Complex Hahn-Banach Theorem

Let $X$ be a complex vector space, $X_0$ one of its subspaces, $p: X \to \mathbb{R}_+$ such that

$$ p(\lambda x) = |\lambda| p(x), \quad \forall \lambda \in \mathbb{C}, x \in X \text{ and } p(x + y) \leq p(x) + p(y), \quad \forall x, y \in X, $$

satisfying $|f(x)| \leq p(x)$, $\forall x \in X_0$, where $f: X_0 \to \mathbb{C}$ is linear.

Under these conditions, there exists a linear functional $F: X \to \mathbb{C}$ such that $F|_{X_0} = f$ and

$$ |F(x)| \leq p(x), \quad \forall x \in X. $$

Proof: Since $f$ is linear, it follows that $\text{Re } f: X_0 \to \mathbb{R}$ is linear and $$ \text{Re } f(x) \leq |f(x)| \leq p(x), \quad \forall x \in X_0. $$

By the Real Hahn-Banach Theorem there exists $g: X \to \mathbb{R}$ a linear functional such that $g$ is an extension for $\text{Re } f$ and $g(x) \leq p(x)$, $\forall x \in X$. We also have $g(x) = -g(-x) \geq -p(x)$ so $|g(x)| \leq p(x)$, $\forall x \in X$.

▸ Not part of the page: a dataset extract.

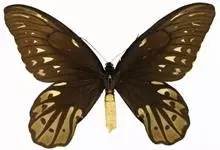 亚历山大女皇鸟翼凤蝶,又称大鸟翼蝶,是鳞翅目凤蝶科鸟翼蝶属蝴蝶;翅膀圆阔、褐色,雌性翅膀上会点缀着耀眼的白色斑纹;雄性翅膀上则闪耀着红蓝色的光泽。亚历山大女皇鸟翼凤蝶幼时很黑,身上长有红色的结节,…全部>>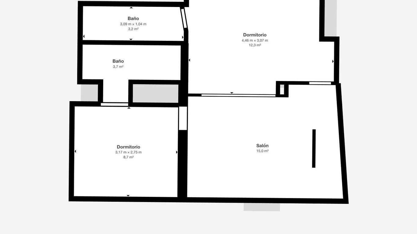 2 habitaciones dobles (antes 3) con posibilidad de volver a hacer la tercera fácilmente.

Define now $F(x) = g(x) - i g(ix)$, $\forall x \in X$. This is obviously linear and if $x \in X_0$ we have $$ F(x) = g(x) - i g(ix) = \text{Re } f(x) - i \text{Re } i f(x) = \text{Re } f(x) + i \text{Im } f(x) = f(x), \quad \forall x \in X_0. $$

For the last part we have $|F(x)| = e^{i\theta} F(x) = F(e^{i\theta} x) = g(e^{i\theta} x)$, because this is a real number. Furthermore, we have $g(e^{i\theta} x) \leq p(e^{i\theta} x) = p(x)$. Combining the two above, we get $$ |F(x)| \leq p(x), \quad \forall x \in X, $$ which solves the theorem.